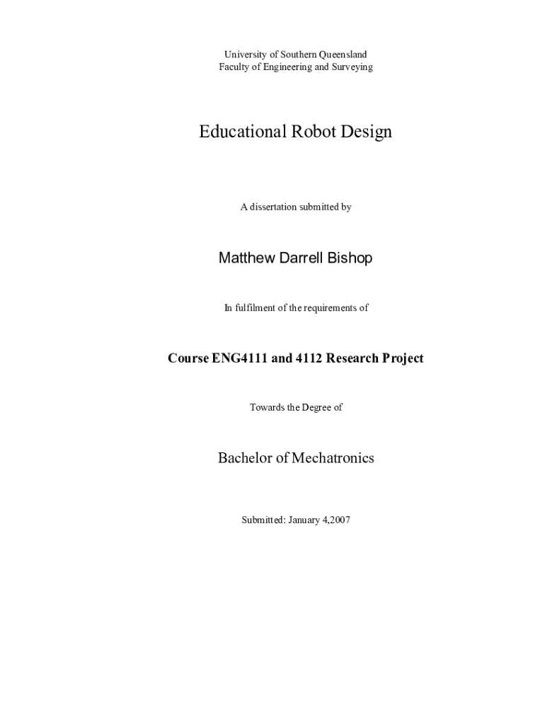 This dissertation presents a design for a small educational robot aimed at primary school students, focusing on integrating engineering principles in classroom settings. It includes details on the
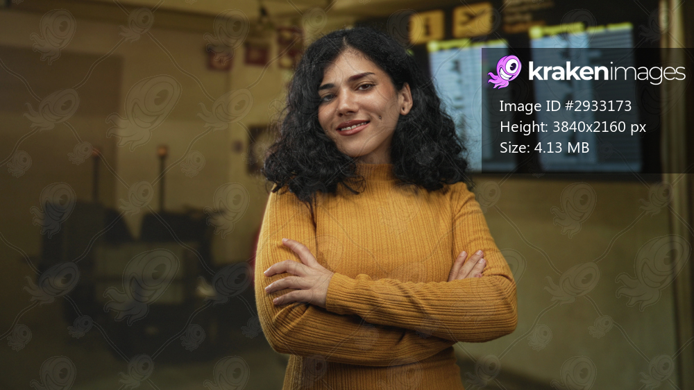 Young woman smiling with arms crossed wearing mustard sweater at airport terminal in front of departure board; confidence travel readiness.
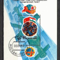SOVIET 1984 - RYMD FÖRSKNING SOJUZ 11 INDISK KOSMONAUT Mi BL 172 STMPL MED GUMMI
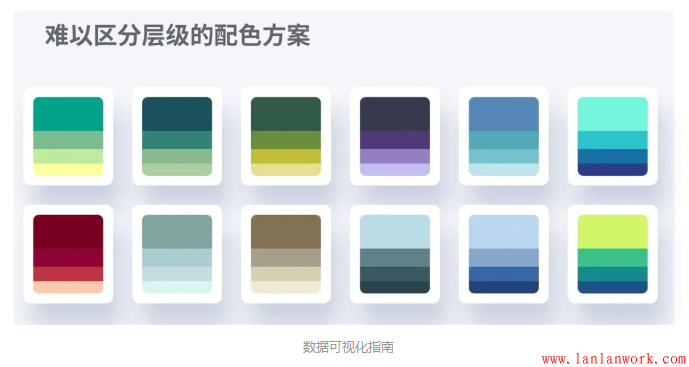 雖然這些配色方案同樣絢麗多彩,但是他們不能靈活應(yīng)對圖表中復(fù)雜的信息層級。
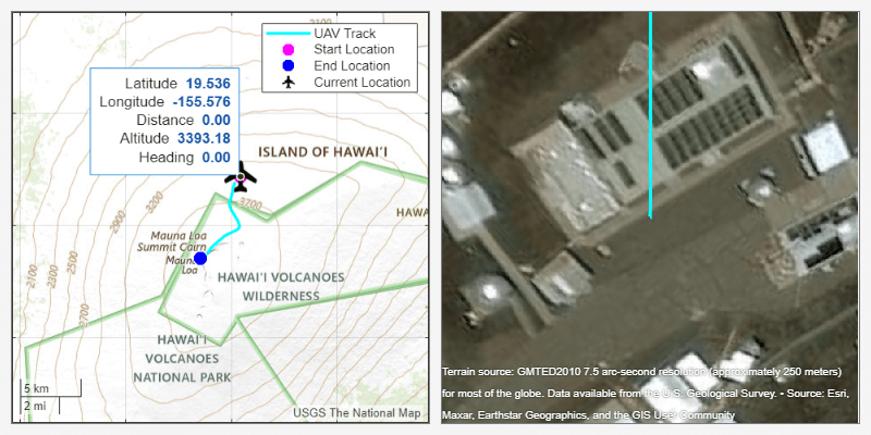 The use of UAVs to track characteristics of changing topology, gasses, and ash clouds around volcanoes is becoming an important area of research for scientists [1]. A UAV can travel in areas of interest (AOIs) that are hazardous for a volcanologist. Simulating the flight path of the UAV prior to sending it out on a mission can assist with understanding the topology and terrain. To gain an overview and 2-D perspective of the AOI, view the locations of the Mauna Loa Baseline Observatory and the Mauna Loa Volcano in a geographic axes.
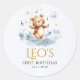 Sella tus recuerdos de fiesta con encanto utilizando esta pegatina de cumpleaños de un oso de acuarela. Diseñada con un osito de peluche pintado a mano flotando sobre nubes esponjosas, estrellas doradas y notas musicales juguetonas, esta pegatina redonda añade un toque caprichoso a la celebración de tu bebé. Los tonos pastel y las texturas suaves la hacen perfecta para una fiesta temática de cuento de hadas acogedor.
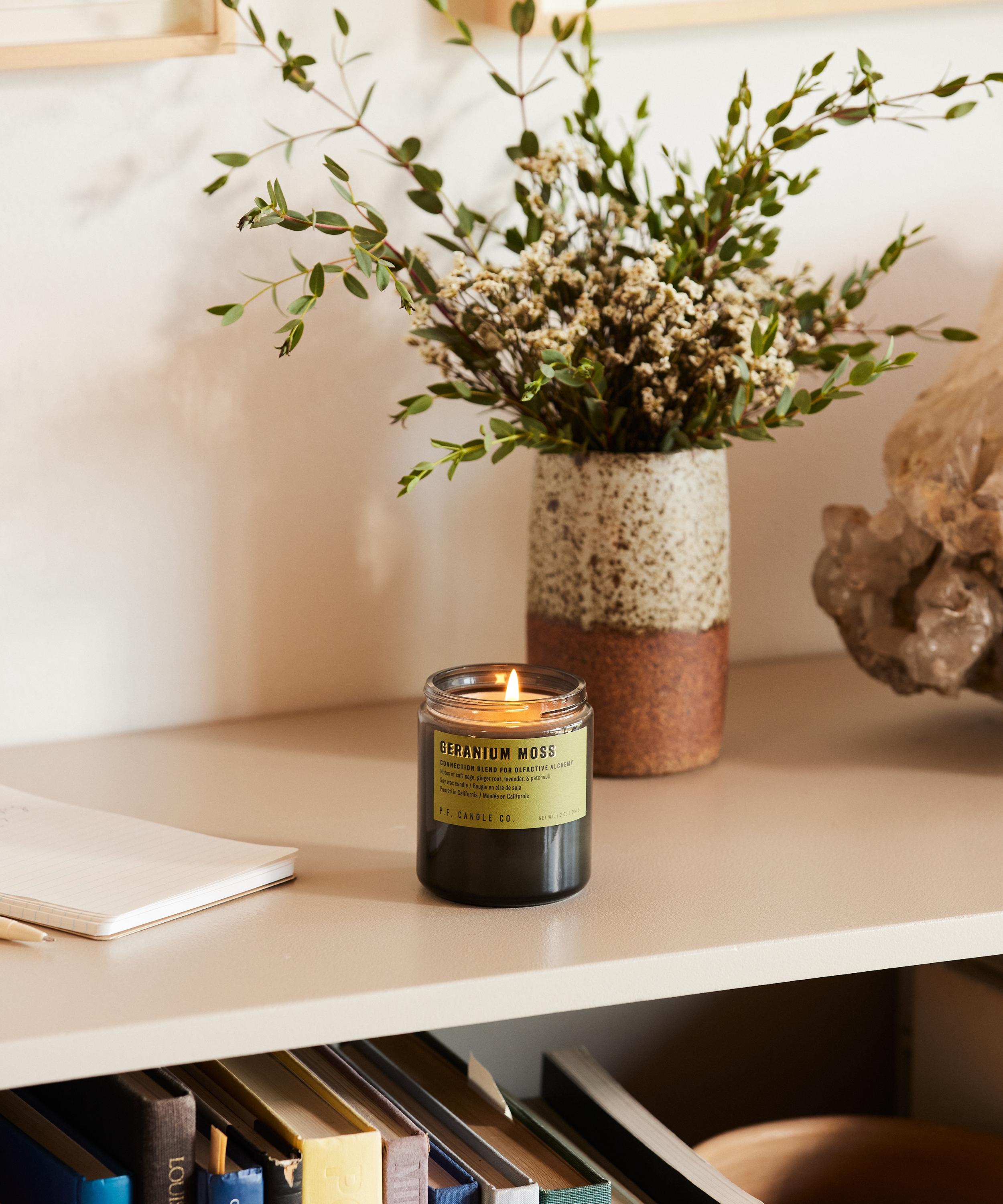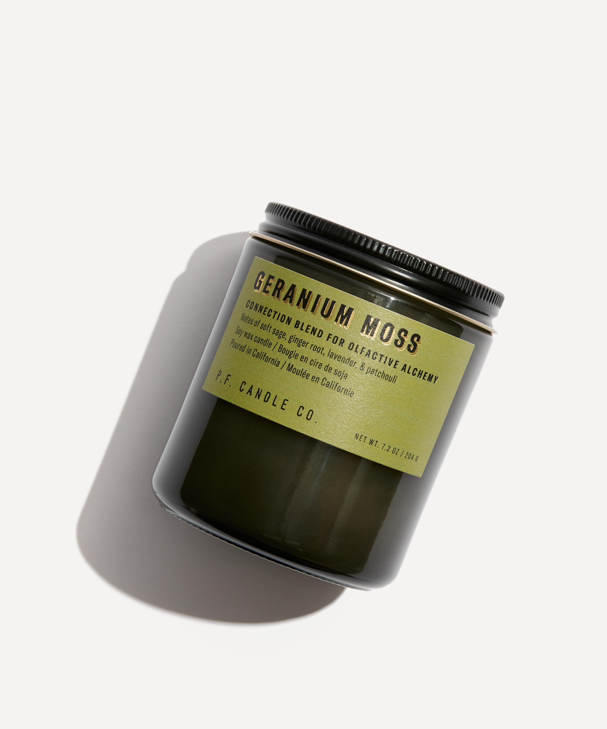 Designed to mimic the restorative effects of time spent in nature, the Geranium Moss scented candle from P.F. Candle Co. boasts a fresh, aromatic fragrance.

### Work required
Only the lines from the one with "Young woman smiling" through the last line of the listing belong in your answer; copy them exactly and skip the pictures.

### Answer to the problem
 Young woman smiling with arms crossed wearing mustard sweater at airport terminal in front of departure board; confidence travel readiness.
SOVIET 1984 - RYMD FÖRSKNING SOJUZ 11 INDISK KOSMONAUT Mi BL 172 STMPL MED GUMMI
 雖然這些配色方案同樣絢麗多彩,但是他們不能靈活應(yīng)對圖表中復(fù)雜的信息層級。
 The use of UAVs to track characteristics of changing topology, gasses, and ash clouds around volcanoes is becoming an important area of research for scientists [1]. A UAV can travel in areas of interest (AOIs) that are hazardous for a volcanologist. Simulating the flight path of the UAV prior to sending it out on a mission can assist with understanding the topology and terrain. To gain an overview and 2-D perspective of the AOI, view the locations of the Mauna Loa Baseline Observatory and the Mauna Loa Volcano in a geographic axes.
 Sella tus recuerdos de fiesta con encanto utilizando esta pegatina de cumpleaños de un oso de acuarela. Diseñada con un osito de peluche pintado a mano flotando sobre nubes esponjosas, estrellas doradas y notas musicales juguetonas, esta pegatina redonda añade un toque caprichoso a la celebración de tu bebé. Los tonos pastel y las texturas suaves la hacen perfecta para una fiesta temática de cuento de hadas acogedor.
 Designed to mimic the restorative effects of time spent in nature, the Geranium Moss scented candle from P.F. Candle Co. boasts a fresh, aromatic fragrance.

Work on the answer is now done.